It is so easy for you to sit there in your house, near or far, and judge me and my circumstances.
You don’t call.
You don’t text.
You don’t write.
You know nothing about me, my family or what is happening in our lives. Yet, you think you can judge me and you think you know what’s best for me.
Why is that?
How can you possibly know what is best for me when you don’t speak with me? You barely make an effort to communicate, to ask me how I am doing, yet you think you know what I need.
On top of this, you advise others they are enabling me.
That makes no sense.
Furthermore, you have given others ultimatums. Advising them they cannot have a relationship with you AND me.
You can’t be serious. There must be some mistake because asking my family and friends to choose between you and me is asinine. On top of this, upon confrontation, you denied your actions.
Your pathetic attempt at deceit is embarrassing.
Telling people they are sitting on the fence and must choose a side.
You are building walls.
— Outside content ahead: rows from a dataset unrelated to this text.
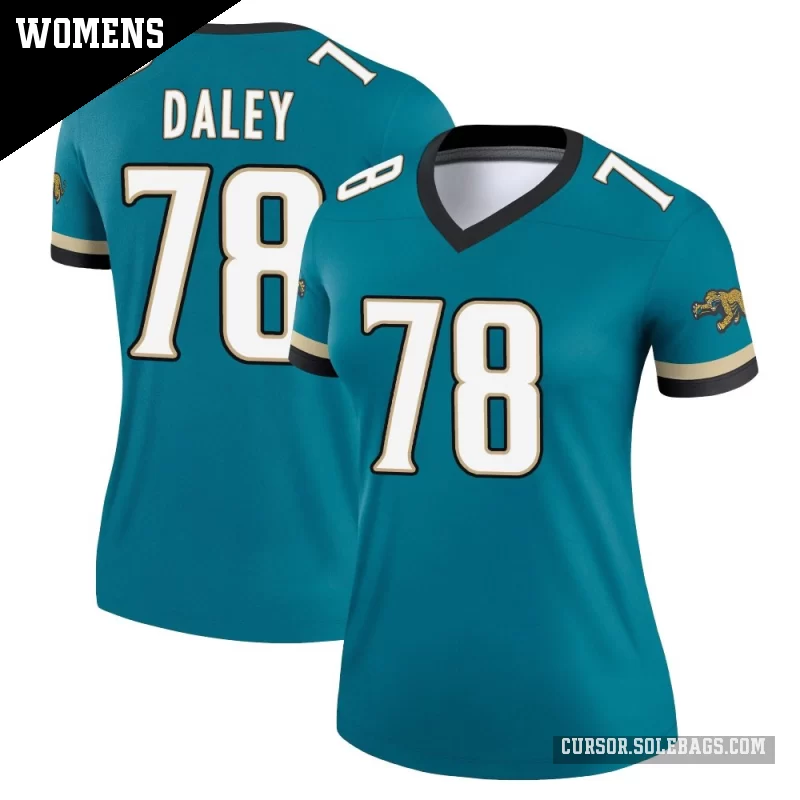 Stay light, cool, and game-ready in this Women's Jacksonville Jaguars #78 Dennis Daley Teal Legend Prowler Throwback Jersey. With a comfortable fit and crisp player details, it's ideal for stadium seats, watch parties, or casual outfits.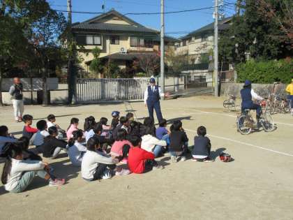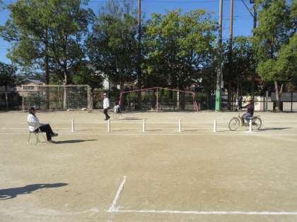 4年生が運動場で自転車免許教室を受講しました。自転車の正しい乗り方を聞いた後,実際にコースに沿って自転車を乗り進めました。今日の授業を機に,より安全に気をつけて自転車に乗ってほしいと思います。
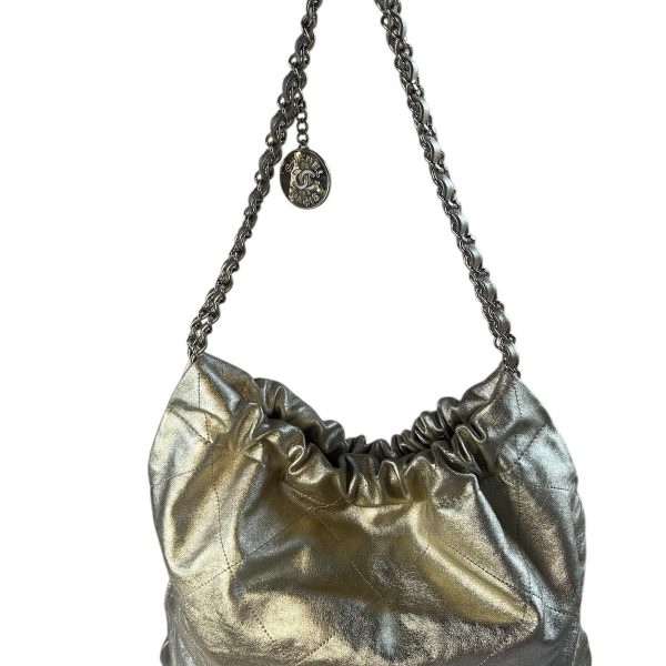 Metallic Calfskin Quilted Chanel 22 Light Gold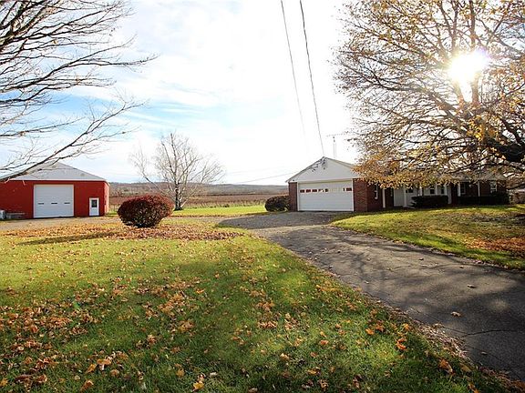 Well built single story brick ranch located on approximately 1 acre. Featuring 4 bedrooms, 1.5 baths, spacious living room and dining room overlooking grape vineyards. 4th bedroom has 1/2 bath and could be used as an office or den. Beautiful hardwood floors in two of the bedrooms, dining room and living room! Huge dry basement with plenty of space for a play room, storage, office or family room. Large mudroom/laundry room located right off attached 2 car garage. Turn around drive with lots of extra parking, 40 x 48 Cement block building with 12 ft roll up door, great for workshop or auto mechanic shop. Central heat, newer roof, gutters and windows. Solid home just waiting for your personal touch!

Barriers. You are doing yourself and your family a disservice.
But, you are blind to it.
Sitting upon your high horse thinking you know of what you speak.
You couldn’t be further from the truth.
You are failing beyond measure.
You must be so jealous.
Forcing individuals to choose.
A weak hand instigates such nonsense.
The green eyed monster has a grip on you and your behaviour is embarrassing. I am embarrassed for you. I am ashamed of your behaviour. Such an epic failure. Very disappointing.
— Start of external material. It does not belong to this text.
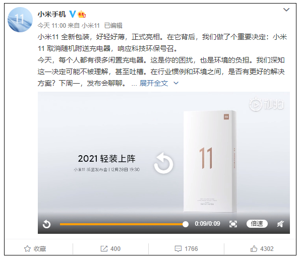 小米也表示“我们深知这一决定可能不被理解,甚至吐槽。在行业惯例和环保之间,是否有更好的解决方案?下周一,小米 11 发布会上我们聊聊。”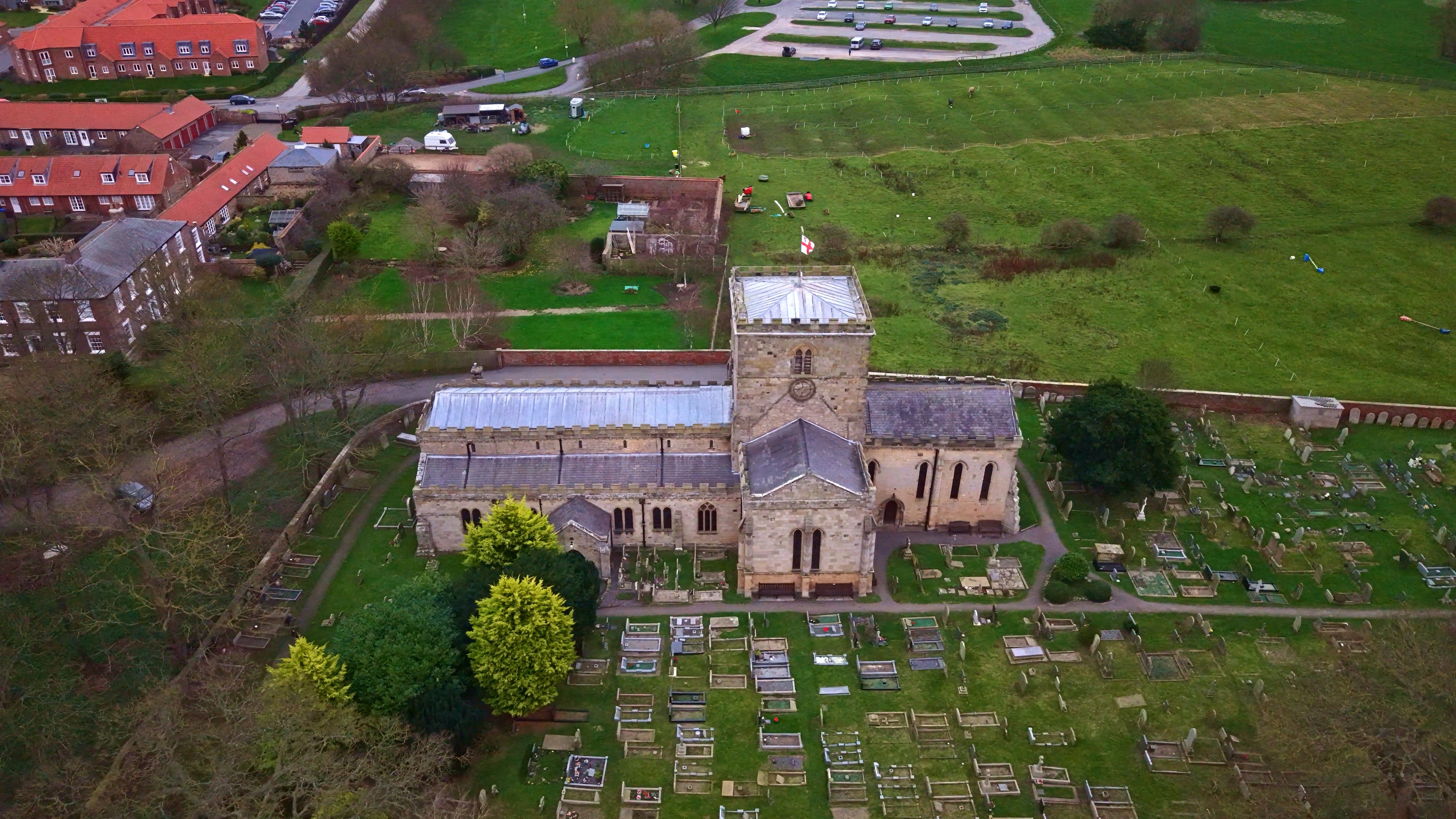 St Oswald’s church building sits at the northern edge of a ravine that divides the town of Filey in two; the church being located in the North Riding of Yorkshire, whereas historically, the rest of the town was in the East Riding of Yorkshire. The Norman tower has been a wayfaring point for mariners who were sailing between the Tyne and London, and the tower also provided a good point to aim at for those who were landing on the sands at Filey.

It has to be jealousy and insecurity.
There are people here who have relationships with my children. Who are close to me. Who I confide in. We support one another. It is not one sided. There is no enabling going on. It is called a reciprocal friendship. We are there for each other. They have active roles in my life that you don’t.
Oh…and you there, yes you. You are probably thinking this doesn’t apply to you. That it only applies to one person. That is not accurate. This may indeed apply to you. I have heard all of your judgement too. The comments whispered behind closed doors. Careful to ensure I don’t find out.
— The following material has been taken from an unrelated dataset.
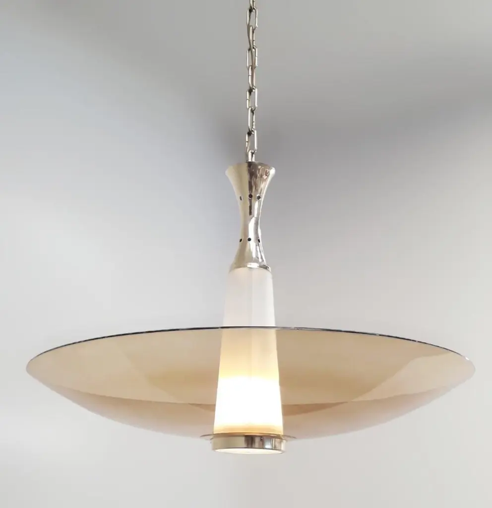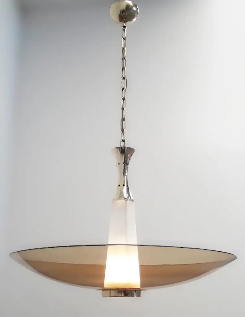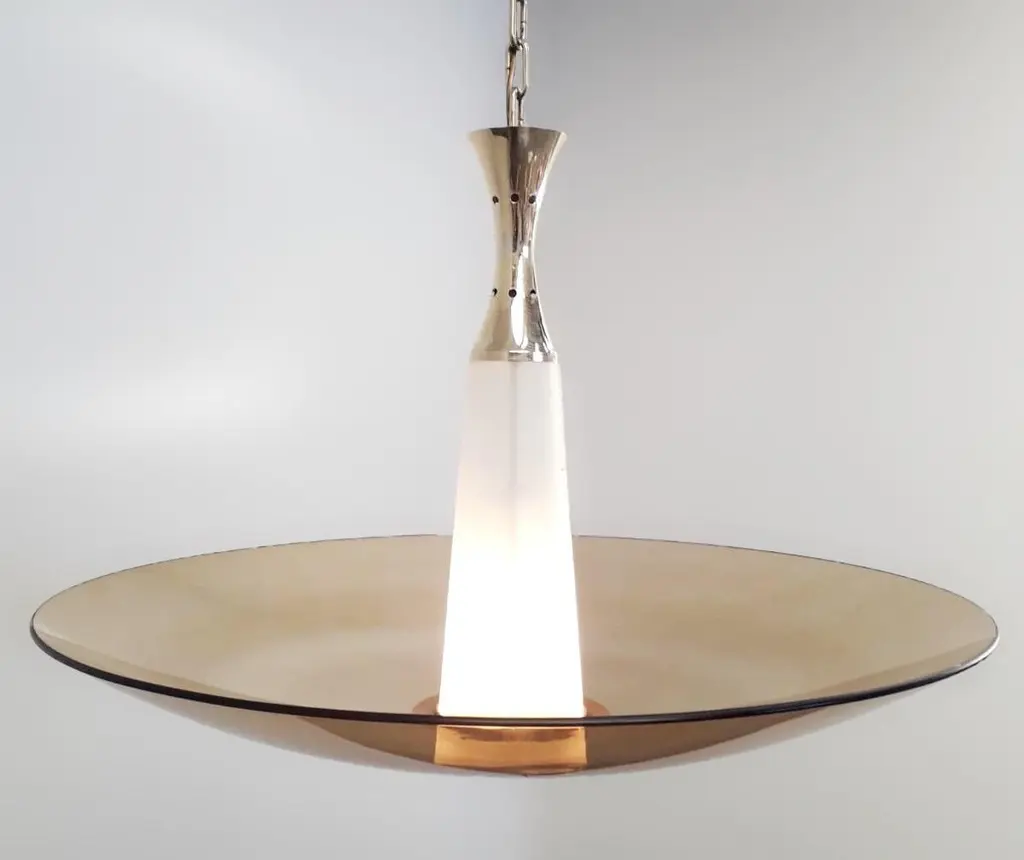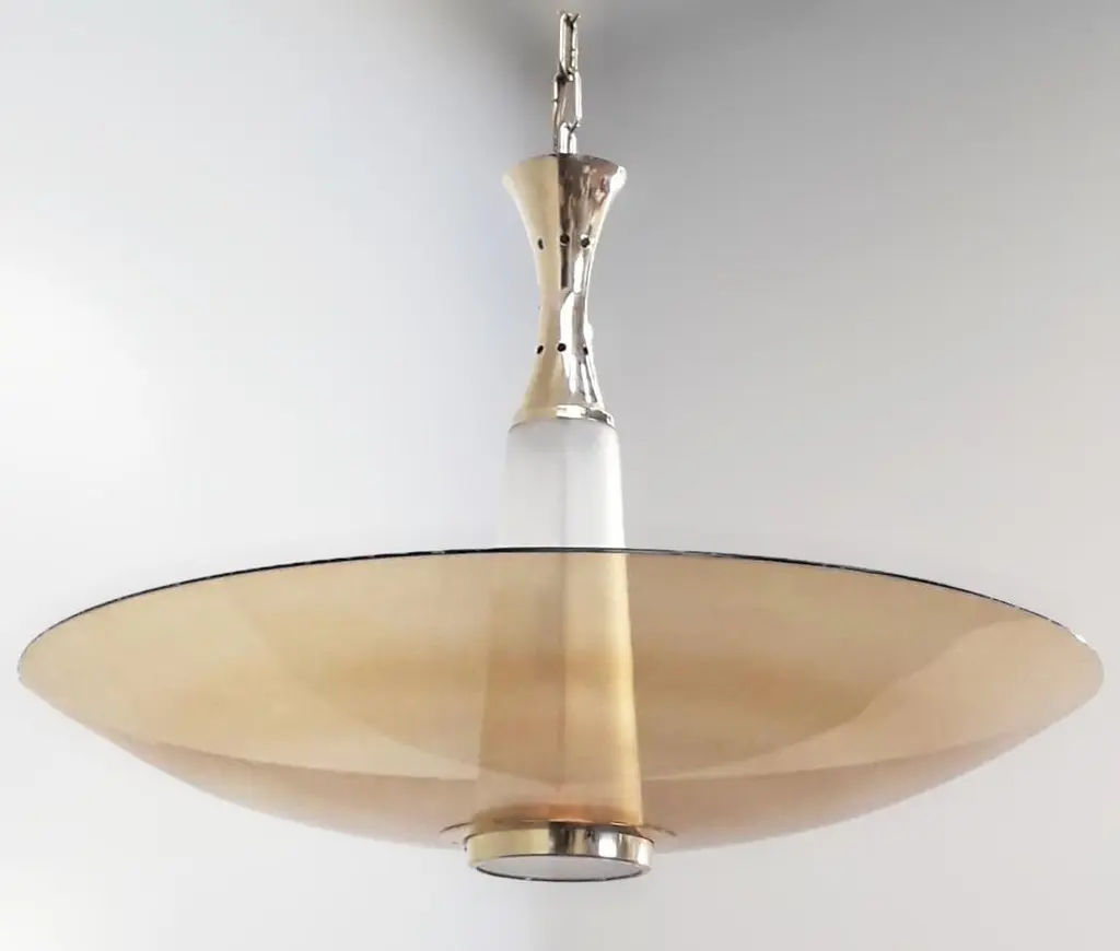 Italian modern chandelier or flushmount shown with smoked amber curved glass shade with a beveled edge and frosted conical glass, mounted on solid polished brass hardware / Made in Italy1 light / E26 or E27 type / max 150WMeasures: Diameter 30 inches, height 22 inches not including chain and canopyOrder only / This item ships from ItalyOrder reference #: FABIOLTD C529

There are no secrets in this family.
The walls have ears.
I don’t take kindly to ultimatums. Hearing you are forcing others to turn their back on me. How childish. Such nonsense is usually restricted to the playground. You are an epic disappointment. I thought so highly of you. I thought we were friends. I thought I could trust you.
I was wrong.
Upon your return to reality, there will be no fanfare. No door for you to walk in. You have built this wall. You can figure out how to tear it down and rebuild the relationships you have squandered out of your jealousy, fear and insecurity.
© The Flip of the Switch, March 2016.